Inflation-adjusted accounts during low inflation is a blessing to users - Part 2

Inflation-adjusted income statement constant real value non-monetary items, for example, salaries, wages, rentals, etc. are – right this very moment – a blessing to users all around the world because they maintain the constant real value or purchasing power of salaries, wages, rentals, etc. constant during low inflation as long as the inflation-adjustment is at least equal to inflation over the period in question. Millions of workers, their trade unions, governments, accountants, economists and people in general would agree that the practice of inflation-adjusting accounts in a low inflation environment is a blessing to users. In fact, it is one of the basic pillars of a stable economy as has been amply proven by Brazilian accountants, economists and the Brazilian Central Bank during the 30 years of very high and hyperinflation from 1964 to 1994 when they maintained their internal demand in the country relatively stable by inflation-adjusting salaries, wages, rentals and many other non-monetary items in their real economy.

Inflation-adjusted balance sheet constant real value non-monetary items, e.g.
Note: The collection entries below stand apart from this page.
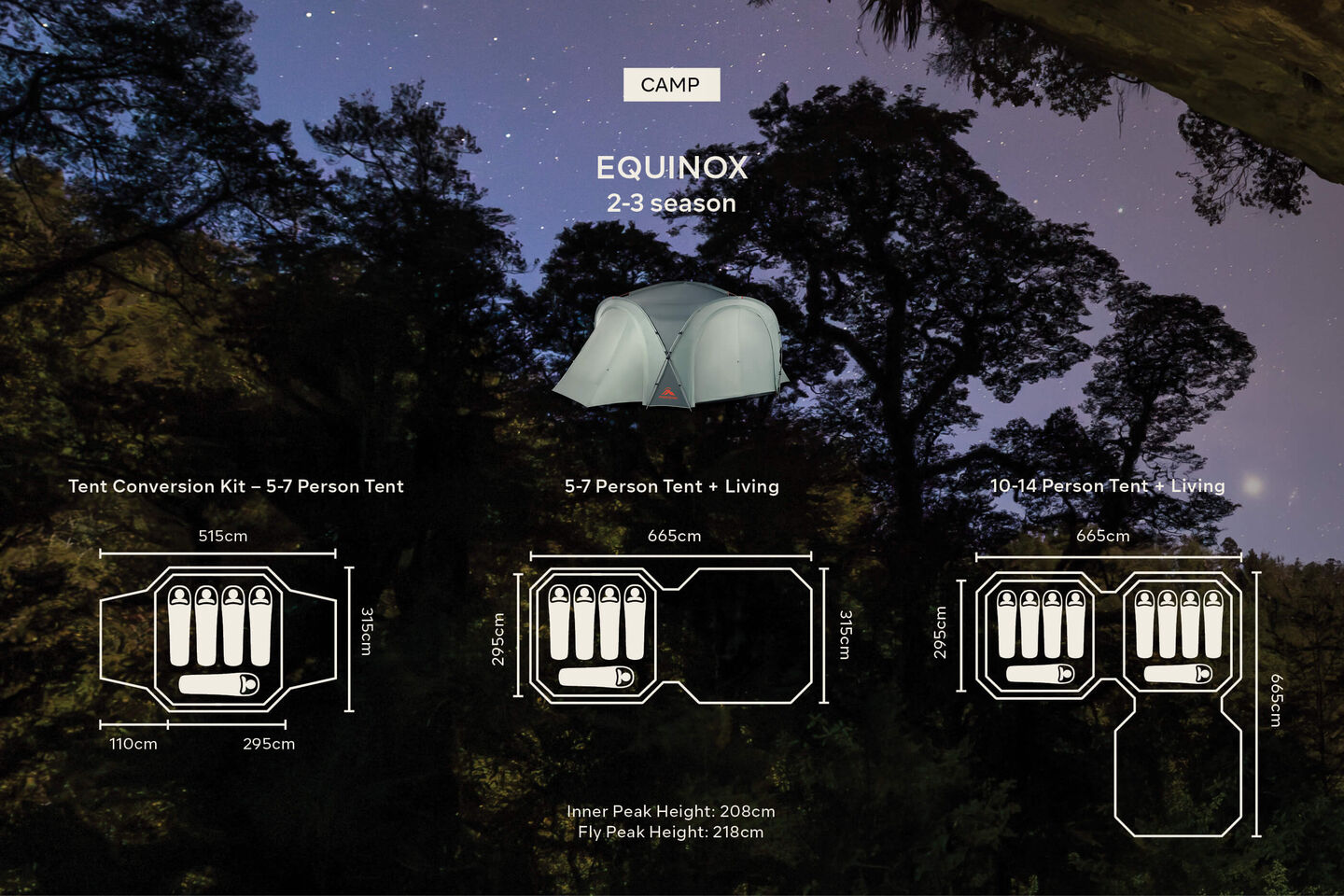 If you have the Equinox Shelter, you can easily convert it to a fully enclosed tent which sleeps five-seven people with this Equinox 5+ Tent Conversion Kit. The Equinox range is modular and fully customisable.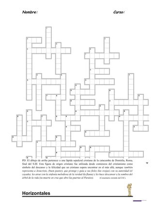 Este documento presenta un acróstico y crucigrama relacionados con diferentes nombres y títulos que se le daban a Jesucristo en la Biblia. Proporciona claves para resolver el acróstico y crucigrama a través de citas bíblicas. Anima a los estudiantes a participar en la actividad.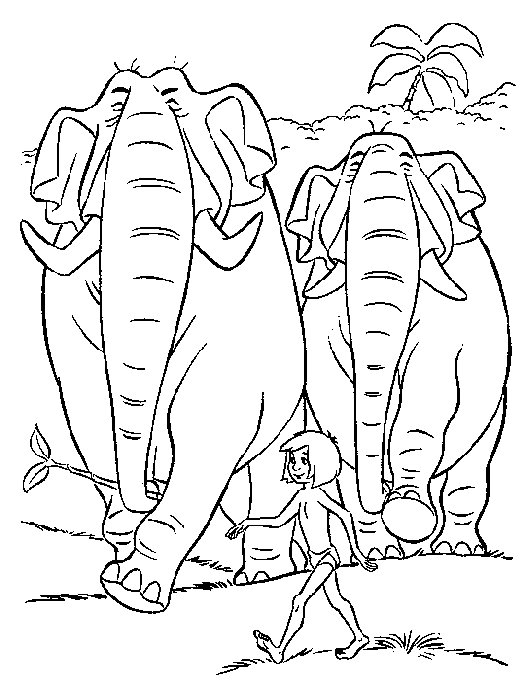 coloriage à imprimer gratuit : mowgli et les elephants

Issued Share capital, Retained Earnings, Share premiums, Capital Reserves, General Reserves, all other items in Shareholders´ Equity, trade debtors, trade creditors, taxes payable, taxes receivable, salaries payable, salaries receivable, all other non-monetary payables, all other non-monetary receivables, etc in a low inflation economy would be a blessing to everyone in that economy when accountants simply decide to change from their current implementation of the very erosive stable measuring unit assumption – which is based on a fallacy – and financial capital maintenance in nominal monetary units (the traditional Historical Cost Accounting model) which is impossible during inflation and another fallacy, and freely choose to implement the real value maintaining financial capital maintenance in units of constant purchasing power model during low inflation and deflation ( as applied in the Constant Item Purchasing Power Accounting model) as approved by the IASB in the Framework, Par 104 (a) in 1989. Accountants implementing financial capital maintenance in units of constant purchasing power during low inflation would knowingly maintain - instead of the generally accepted HCA model currently unknowingly, unnecessarily and unintentionally eroding real value in constant real value non-monetary items never maintained as it also did last year and all the years before and will do next year if the very erosive stable measuring unit assumption is not stopped – all else being equal.